- **COLLECTED MATERIAL**:
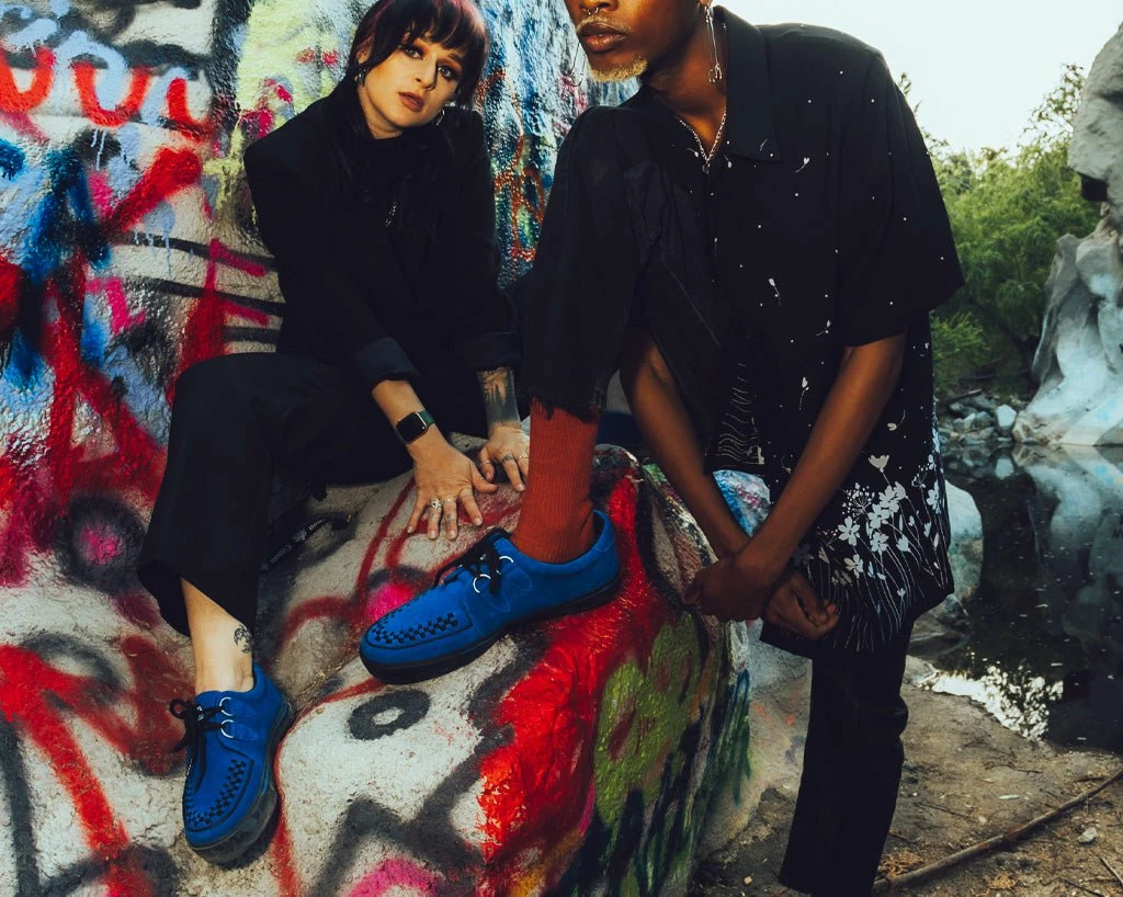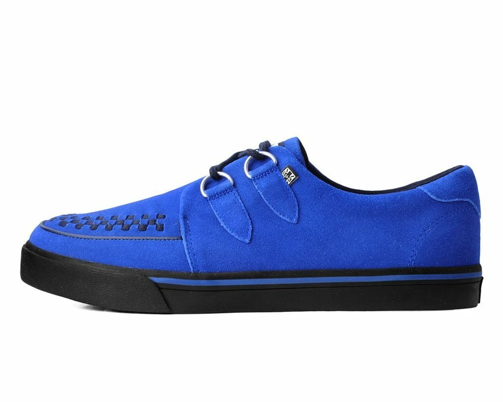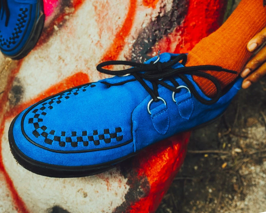Normal is boring! Get ready to hit the stage or the streets in these vulcanized sneakers that reimagines our former creeper sneaker silhouette with bold & modern twists. Features one of our crowd-pleasing upper styles of electric blue cow suede with classic D-rings & iconic interlace detailing along the front.
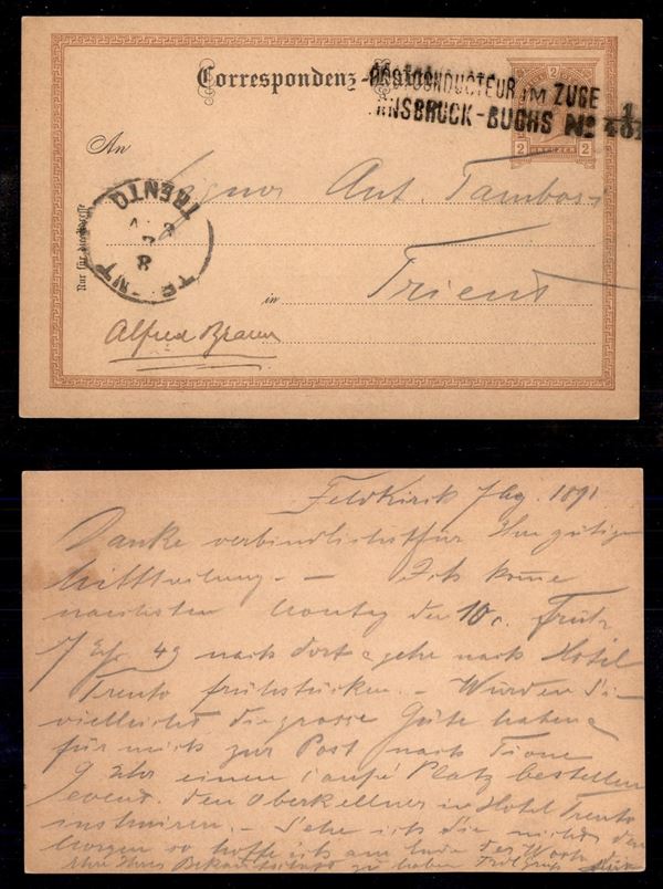 Postconducteur im Zuge Innsbruck Buchs n. 1/401 - cartolina postale da 2 Kreuzer per Trento del 3.7.81
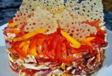 Таким же образом нарежьте и морковь. Так как эти овощи имеют более плотную текстуру, то их нужно выкладывать первыми.

- **TASK STATEMENT**:
Output each line above exactly. Skip the images.

- **REPLY TO THE EXERCISE**:
Normal is boring! Get ready to hit the stage or the streets in these vulcanized sneakers that reimagines our former creeper sneaker silhouette with bold & modern twists. Features one of our crowd-pleasing upper styles of electric blue cow suede with classic D-rings & iconic interlace detailing along the front.
 Postconducteur im Zuge Innsbruck Buchs n. 1/401 - cartolina postale da 2 Kreuzer per Trento del 3.7.81
 Таким же образом нарежьте и морковь. Так как эти овощи имеют более плотную текстуру, то их нужно выкладывать первыми.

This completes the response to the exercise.